WESTFIELD – Fire Chief Mary Regan called rehabbing Station #2 on Little River Road a “high priority” this week, an ongoing request that dates back to 2001.
The City of Westfield revisited renovation and expansion plans in 2007.
“Things seem to fall off and go to the back burner,” said Regan.
In 2015, the department put together renovations plans to finally “clean up” the station.
Built in 1973, the station must undergo extensive repairs and updates.
“Since that time there really hasn’t been any money put into it,” she said.
The facility lacks a functioning air conditioner, and the bathrooms, windows, roof and antiquated heating system need replacement. The living area contains substandard installation and the generator is too small for the building.
“It’s in a pretty sad state of affairs at this point,” she said.
Another concern: the station lacks separate living quarters for male and female firefighters, both of whom are regularly assigned to the station.
The neighborhood has experienced substantial growth with roads and housing in the past few decades. Since 1985, according to Regan, 806 houses were constructed. In addition, Munger Hill Elementary School was built and has seen an increase in businesses and industry.
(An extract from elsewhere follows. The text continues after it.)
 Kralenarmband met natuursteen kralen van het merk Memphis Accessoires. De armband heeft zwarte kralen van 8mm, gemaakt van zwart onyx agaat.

“It’s in very poor condition. There’s no way to skirt around it. I encourage councilors, and even the media, if they want to go down there and take a walk through and see what state the building gotten into,” she said.
“It’s easy to understand we need to make some corrections if we’re going to do something like that,” she said. “We need to look forward because the station is going to serve the area for the next 50-75 years. We must plan accordingly.”
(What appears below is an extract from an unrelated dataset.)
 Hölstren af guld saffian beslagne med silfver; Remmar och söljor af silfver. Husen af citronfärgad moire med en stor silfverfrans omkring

She also wants an increase in personnel at the fire station, which currently staffs two firefighters per shift. The station is home to one engine and an ambulance. The short staffing limits what calls the firefighters can respond to, which leaves apparatus in the bay.
Improvements in technology will allow firefighters to take online training while on duty. Regan would also like to use the facility for department-wide training.
“We have a lot of plans we think will make it very functional and also serve the community much better,” she said.
Regan and fire officials were scheduled to meet next week with Mayor Brian J. Sullivan, the Purchasing Department and city engineers.
“Our hope is to put a request-for-proposal so we can start looking at exactly what we need for funding. We’ll be going to the council to inform them of the needs,” said Regan.
She emphasized the renovations take a priority at this time. Staffing Station #2 will be based on annual service trends.
Regan, who welcomed two new firefighters earlier in the week, said the department plans to bring on board another new firefighter. The recruit must undergo a nine-weeks training course beginning in April at the Massachusetts Firefighting Academy in Springfield
The academy graduated its first class on Tuesday, which included Westfield Firefighters David O. Albert and Tyler D. Ritchie. Regan attended the graduation ceremony along with chiefs from Holyoke, Easthampton, West Springfield, Longmeadow and East Longmeadow
The department will advertise for additional personnel in the next few months, including hiring a paramedic. The pending retirement of Deputy Chief Jim Kane, a 34-year member of the department, will spur several promotions. Kane’s retirement takes effect on Feb. 25.
On Thursday, the City Council accepted a $7,500 state grant for the purchase of Naloxone or Narcan, a life-saving drug that reverses the effects of an opioid overdose. The drug, in nasal spray form, will be carried on all city fire engines and in the vehicles of senior department personnel.
All firefighters on the department are trained in administering Narcan. The need for the drug has increased over the past 18 months. Local, state and federal officials support a widespread use of Narcan and an increase in funding for treatment programs.